Recently I saw that an analysis site, FanGraphs, was adopting MariaBD, but in a cloud version of the database. They gather a lot of statistics, more than most places publish. Not only do they have the various aggregates from games, but they have tracking for things like the velocity of pitches thrown. Add that to odds, projections, and more, and this is a lot of data.

For a fan, that's a lot. For database people, maybe not so much. They are projecting a million records each season for pitches, which might be the largest data set. However, for a database, even with 100 years of baseball, 100mm rows isn't that large. There can be, however, lots of queries on this data.

The founder used to manage the database himself, and has been on MariaDB for a long time. He started on Windows, but has been looking to outsource some of the administration. They left dedicated servers to move to a vendor running on the Google Cloud Platform (GCP). Now they are looking at data warehousing and other options to continue with deeper data analysis options.

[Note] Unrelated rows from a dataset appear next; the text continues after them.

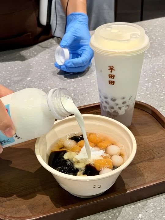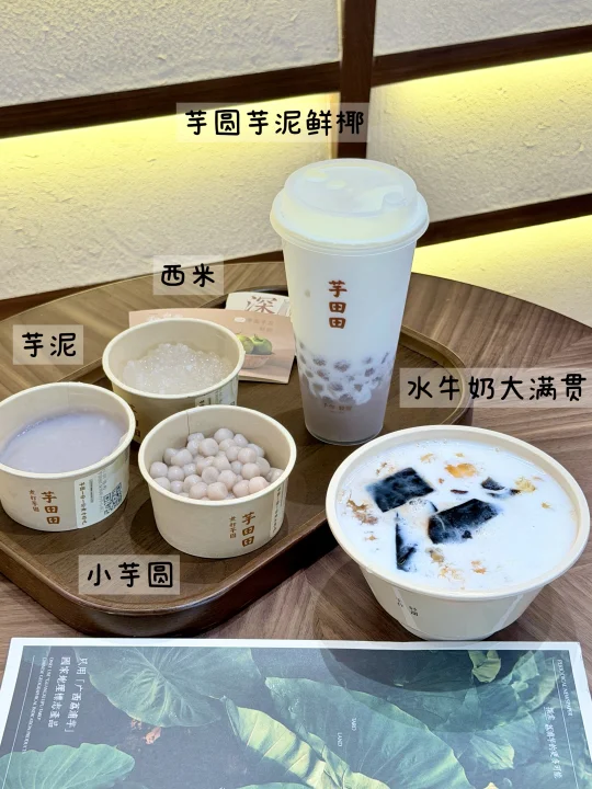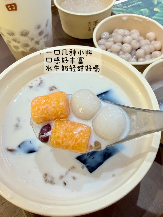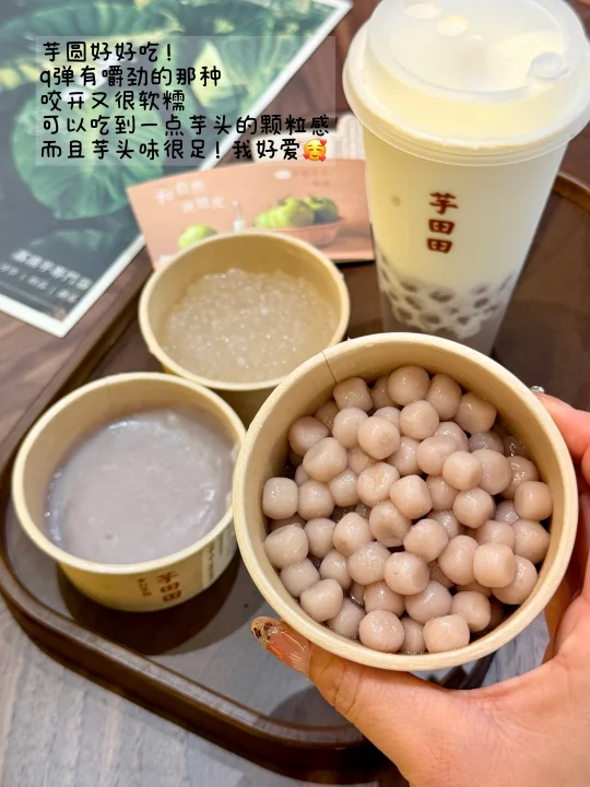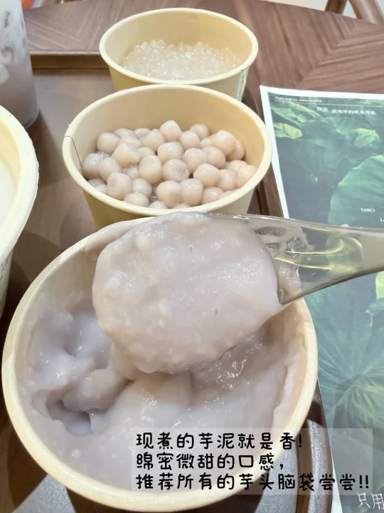 啊啊啊……我大福田终于也有了!! 芋泥脑袋可以冲了! 现场熬制的芋泥,能吃到芋头的颗粒感! 听说他们家全部用的荔浦芋头,是真的🐮 热喝冷喝都好喝!! 喜欢吃小料的姐妹也有福了! 他们家真的给好足哈哈哈 小料分量好扎实,而且芋圆素真的好吃!! 来山姆扫货的香港朋友怎么都得来尝尝~
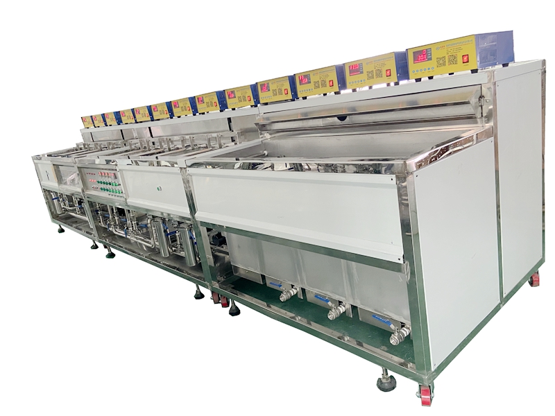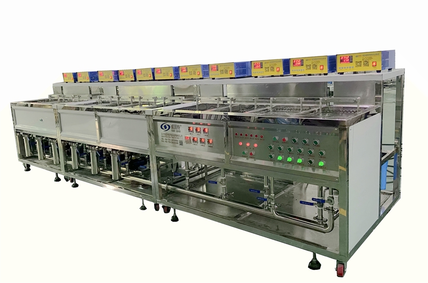 高硼硅玻璃管超聲波清洗機VGT-1307FS 高硼硅玻璃管超聲波清洗機共有13個功能槽,配置有循環過濾系統、自動恒溫系統、拋動系統、超聲波清洗系統、溢流系統等。
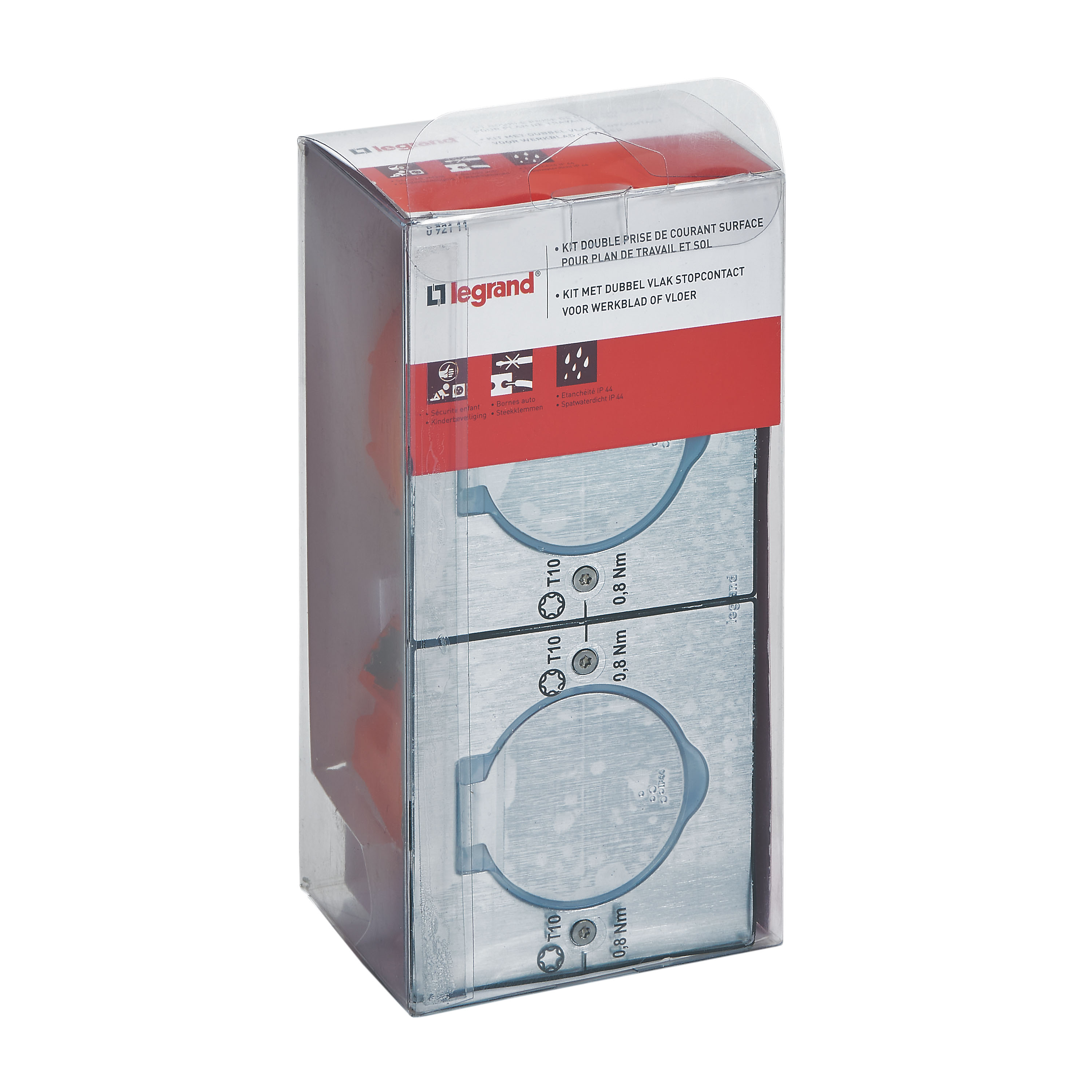 Ces deux prises de courant protégées chacune par un volet permettent le branchement de deux appareils électriques ou électroniques au sol, sur un plan de travail ou au mur.
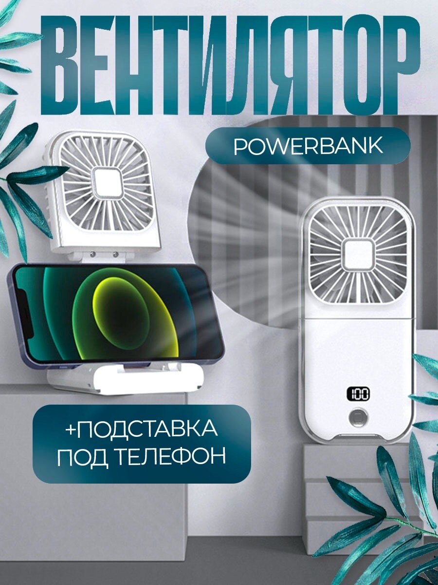 Вентилятор ручной бесшумный портативный мощный, беспроводной с павербанком Vent2 White белый информация:
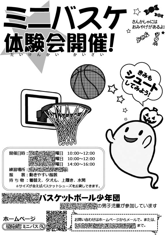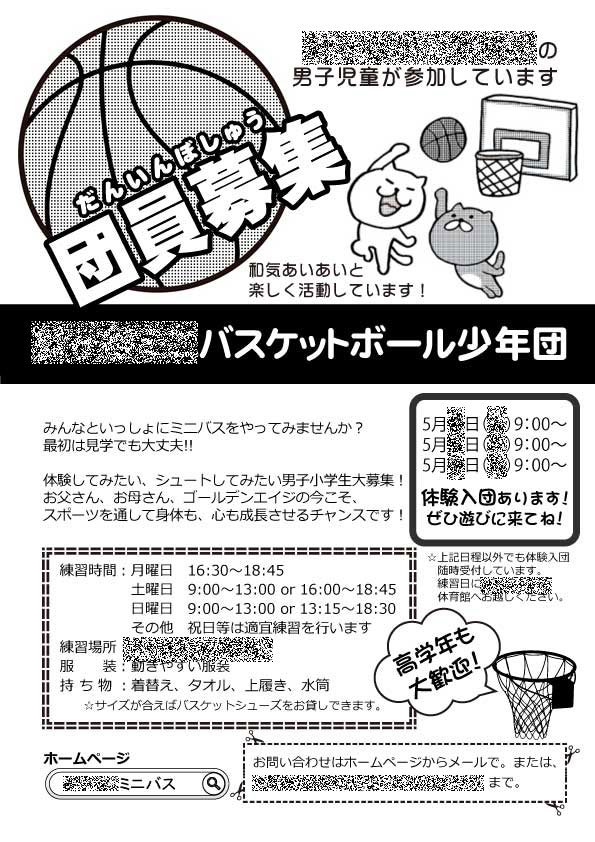 子供が所属していたバスケットボールのスポーツ少年団の団員募集チラシを作成しました。
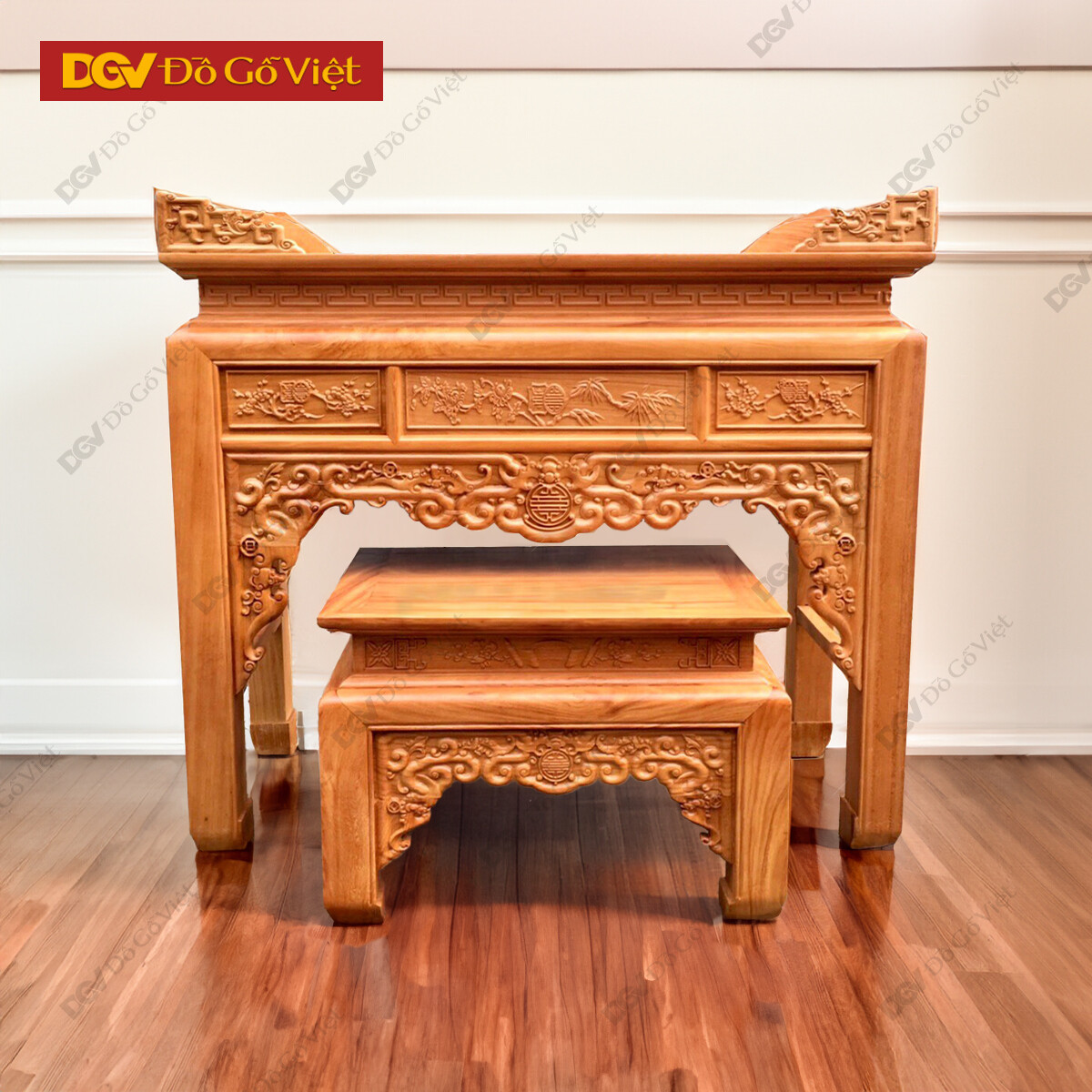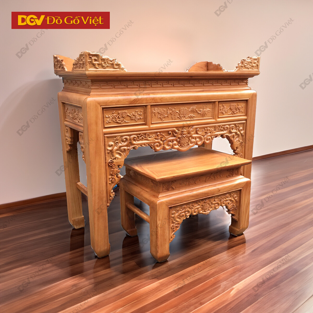 Án Gian Thờ Gỗ Gõ Đỏ 1m27 Mẫu Chạm Sen Cao Cấp
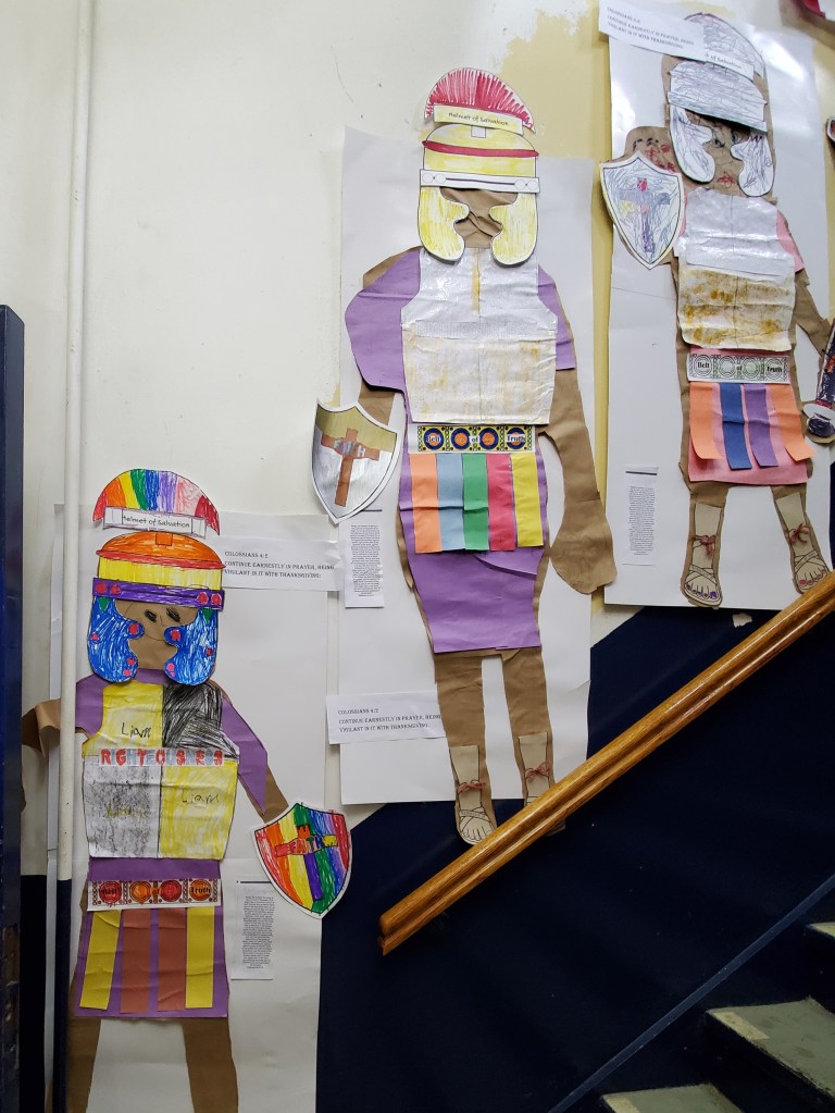 I love to teach thematically and have covered several themes such as The Armor of God, Fruit of the Spirit, the Lord’s Prayer, and currently the entire book of Proverbs. While teaching Proverbs, I have been unable to find a children’s church curriculum that teaches every chapter which became the impetus for this website. In the Proverbs section I will share my journey through teaching Proverbs with the changes I have made along the way. Eventually I hope to also share some successful themes from the past. Below are our finished projects for the Armor of God. We used them for decorations during our Roman themed VBS in 2021.
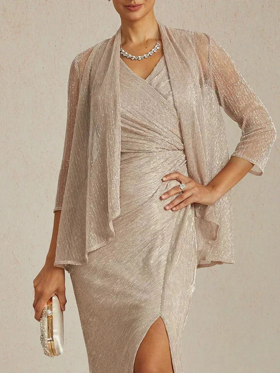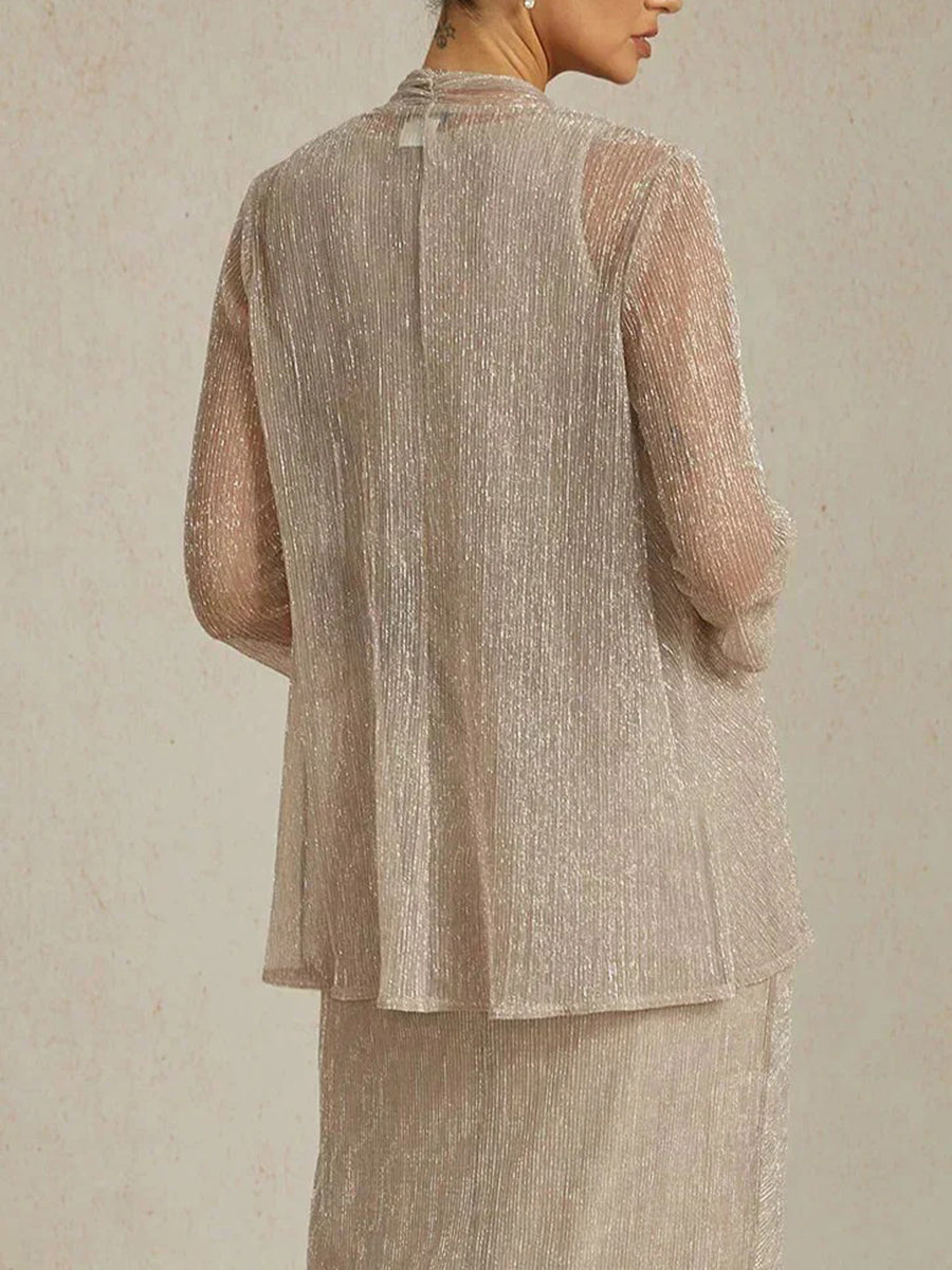 #MRA353912 A-Line/Princess 2 Pieces Mother of the Bride Dresses Glitter Chiffon Wedding Guest Dresses Scoop Neck 3/4 Sleeves Ankle-Length Formal Dresses With Jacket/Wrap
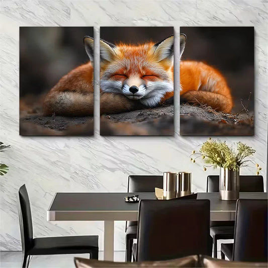 3pcs Sleeping FOX Metal Print Ready to Hang Art

The move to the cloud, removing some of the headaches and hassles of managing servers is something many executives think about. Certainly it isn't cheaper than buying your own machines, but with the cost of people, benefits, and the inflexibility of being limited by past decisions, I get why companies do this. Especially those that aren't so focused on the technology, but are more interested in what technology can enable them to do.

Many of us working might find opportunities to work with data at a company like this, without the need to actually manage the systems. I can imagine for a data analyst or developer that enjoys baseball, this might be a fun type of challenge. Learn to apply technology at a company that doesn't really care about the software itself, but wants to use it to build something new and exciting for their customers.